No Dose Adjustment on Coadministration of the PDE4 Inhibitor Roflumilast With a Weak CYP3A, CYP1A2, and CYP2C19 Inhibitor: An Investigation Using Cimetidine

This nonrandomized, fixed‐sequence, 2‐period crossover study investigated potential pharmacokinetic interactions between the phosphodiesterase 4 inhibitor roflumilast, currently in clinical development for the treatment of chronic obstructive pulmonary disease, and the histamine 2 agonist cimetidine.

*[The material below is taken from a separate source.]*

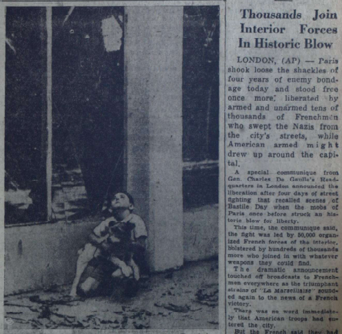
AS AMERICAN SHELLS SCREAMED overhead, a little French boy comforts his frightened dog by clasping him close on a street in St. Dinard. Although the occupation has shattered windows and raised glass down on him, the youngster, aged 8½ years, only has thoughts for his terrified animal.

The Weather This afternoon, tonight and tomorrow, some clouds with moderate temperatures. High tides today at 3:14 P. M.; tomorrow at 3:36 A. M. and 3:57 P. M.

Participants received roflumilast, 500 μg once daily, on days 1 and 13. Cimetidine, 400 mg twice daily, was administered from days 6 to 16. Pharmacokinetic analysis of roflumilast and its active metabolite roflumilast N‐oxide was performed, and the ratio of geometric means for roflumilast alone and concomitantly with steady‐state cimetidine was calculated. The effect of cimetidine on the total PDE4 inhibitory activity (tPDE4i; total exposure to roflumilast and roflumilast N‐oxide) was also calculated. Coadministration of steady‐state cimetidine increased mean tPDE4i of roflumilast and roflumilast N‐oxide by about 47%. The maximum plasma concentration (Cmax) of roflumilast increased by about 46%, with no effect on Cmax of roflumilast N‐oxide. The increase in tPDE4i of roflumilast and roflumilast N‐oxide following coadministration with cimetidine was mainly due to the inhibitory effect of cimetidine on cytochrome P450 (CYP) isoenzymes CYP1A2, CYP3A, and CYP2C19. These moderate changes indicate that dose adjustment of roflumilast is not required when coadministered with a weak inhibitor of CYP1A2, CYP3A, and CYP2C19, such as cimetidine.